There is currently no multilateral international treaty or convention to which the Philippines is a party that specially applies to the mining industry or an investment in the mining industry. However, the Philippines has bilateral investment treaties, 32 of which are in force with other states and economic unions, specifically: Argentina, Australia, Austria, Bangladesh, Belgium-Luxembourg Economic Union, Canada, Chile, China, Czech Republic, Denmark, Finland, France, Germany, India, Italy, Kuwait, Mongolia, Myanmar, the Netherlands, Portugal, Romania, Russia, Saudi Arabia, South Korea, Spain, Switzerland, Syria, Taiwan, Thailand, Turkey, the United Kingdom and Vietnam. These bilateral investment treaties typically include provisions generally prohibiting the expropriation of investments in the Philippines of nationals or permanent residents of a contracting state (except for a public purpose, under due process of law, in a non-discriminatory manner and against prompt, adequate and effective compensation) and enjoining the state to accord fair and equitable treatment to foreign investors and investments. Further, the bilateral investment treaties typically contain an investor-state dispute settlement provision, which allows the nationals or permanent residents of a contracting state to submit a dispute involving the Philippine government to international arbitration.
Update and trends
Recent developmentsWhat were the biggest mining news events over the past year in your jurisdiction and what were the implications? What are the current trends and developments in 2019 in your jurisdiction's mining industry (legislation, major cases, significant transactions)?
The Philippine government’s policy to ban open-cast mining dominated mining news in 2018.
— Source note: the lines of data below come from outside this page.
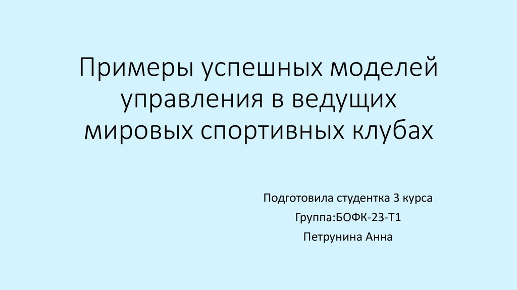 1. Примеры успешных моделей управления в ведущих мировых спортивных клубах
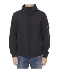Soft Shell jacket in black nylon with Compass patch on left sleeve. It features drawstring hood, front zip closure and two side zip pockets. Regular fit.
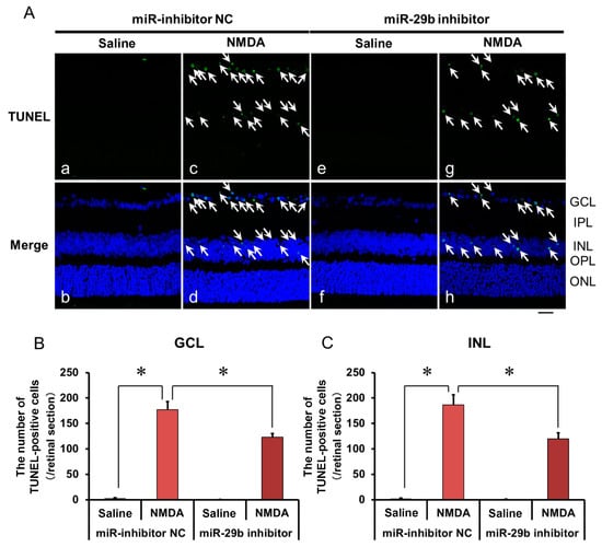 (A) Photomicrographs showing TUNEL staining of the retinas. The eyes were excised 12 h after intravitreal injection of saline (vehicle) or 40 nmol/eye NMDA. The eyes were treated with 10 nmol/eye miR inhibitor NC and saline (a,b), 10 nmol/eye miR-29b inhibitor and saline (e,f), 10 nmol/eye miR inhibitor NC and 40 nmol/eye NMDA (c,d), and 10 nmol/eye miR-29b inhibitor and 40 nmol/eye NMDA (g,h). miR inhibitor and its NC were injected intravitreally 18 h before intravitreal NMDA injection. Panels (b,d,f,h) (Merge) show the TUNEL staining merged with nuclear counterstaining with DAPI. GCL: the ganglion cell layer, IPL: the inner plexiform layer, INL: the inner nuclear layer, OPL: the outer plexiform layer, and ONL: the outer nuclear layer. The nuclei of TUNEL-positive cells are stained green. All the nuclei are counterstained blue. The white arrows represent the TUNEL-positive cells. Scale bar is 50 μm. Original magnification, ×400. (B,C) Effect of miR-29b inhibitor on the increase in the number of TUNEL-positive cells induced by NMDA, examined 12 h after intravitreal NMDA injection. The numbers of the TUNEL-positive cells in GCL (B) and INL (C) per one retinal section are shown. Each datum is presented as mean ± SEM of 5 independent experiments. * p < 0.05 between the indicated pairs using Tukey–Kramer test.

In January 2018, months after President Rodrigo Duterte rejected the November 2017 MICC proposal to lift the ban on open-cast mining, he warned that the current open-cast mining ban could be extended or a new one declared in 2019. President Duterte also called on mining companies to reforest areas cleared for mining. This comment came even as the current mining regulations already require the reforestation of areas cleared for mining and even if responsible mining companies are already complying with this requirement.
In September 2018, Speaker of the House, Gloria Macapagal Arroyo, said that she would include a provision that explicitly bans open-cast mining in the bill establishing the fiscal regime for the mining industry. However, in March 2019, during Philippine Nickel Initiative 2019 (a forum for nickel mining companies) where she was the keynote speaker, Speaker Macapagal Arroyo expressed support for the mining industry, especially for open-cast mining. She said that despite the Philippine government’s apparent dislike for the mining industry, the Philippine Congress should not oppose it. Instead, Congress should help the mining industry because of its contribution to government revenues, exports, economic growth and job creation. She particularly stressed the importance of the nickel mining industry because the Philippines is the second largest supplier of nickel in the world.
In September 2018, DENR Secretary Roy Cimatu suspended all small-scale mining operations in the Cordillera Administrative Region in response to the deaths of miners owing to a landslide while they were trapped in a mining bunkhouse during the height of Typhoon Ompong (also known as Mangkhut). The landslide prompted President Duterte to suggest the idea of closing the country’s mining industry despite it being responsible for 7 per cent of the Philippines’ total exports in the first quarter of 2018 and for providing employment to nearly a quarter of a million Filipinos during the same period.